Exercise instructions - From the line with "Madame Odette ROBIN née Léveque" to the final line of the data below, please write out every line exactly, with no pictures.

The data -
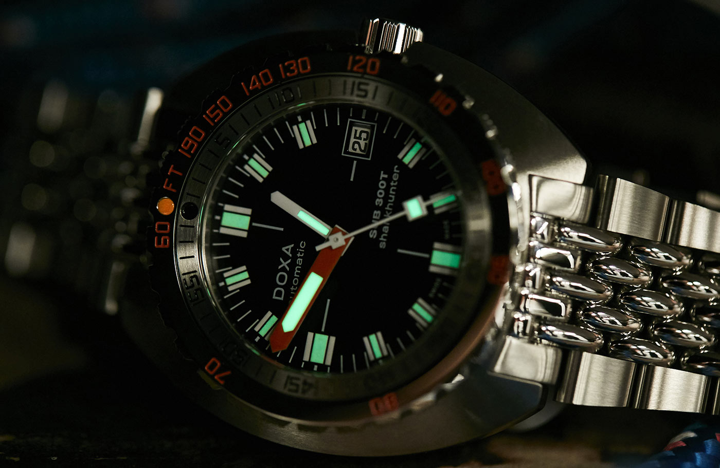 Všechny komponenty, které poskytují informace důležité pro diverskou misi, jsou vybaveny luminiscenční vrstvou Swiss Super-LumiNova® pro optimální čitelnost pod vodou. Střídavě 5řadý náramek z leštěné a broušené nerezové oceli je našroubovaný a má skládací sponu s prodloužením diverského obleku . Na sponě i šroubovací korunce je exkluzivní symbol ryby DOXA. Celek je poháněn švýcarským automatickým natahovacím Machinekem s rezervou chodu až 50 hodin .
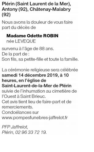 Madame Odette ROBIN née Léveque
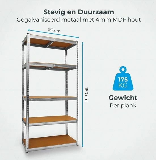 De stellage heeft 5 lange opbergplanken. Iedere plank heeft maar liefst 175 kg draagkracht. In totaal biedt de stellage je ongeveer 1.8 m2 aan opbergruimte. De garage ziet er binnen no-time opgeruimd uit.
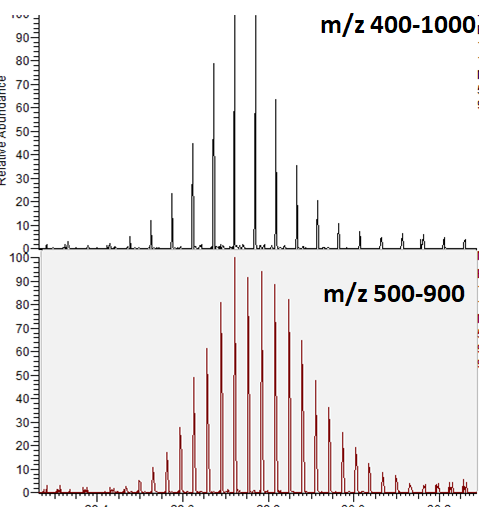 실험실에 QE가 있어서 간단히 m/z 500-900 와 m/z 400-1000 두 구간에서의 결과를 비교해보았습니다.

Answer box -
 Madame Odette ROBIN née Léveque
 De stellage heeft 5 lange opbergplanken. Iedere plank heeft maar liefst 175 kg draagkracht. In totaal biedt de stellage je ongeveer 1.8 m2 aan opbergruimte. De garage ziet er binnen no-time opgeruimd uit.
 실험실에 QE가 있어서 간단히 m/z 500-900 와 m/z 400-1000 두 구간에서의 결과를 비교해보았습니다.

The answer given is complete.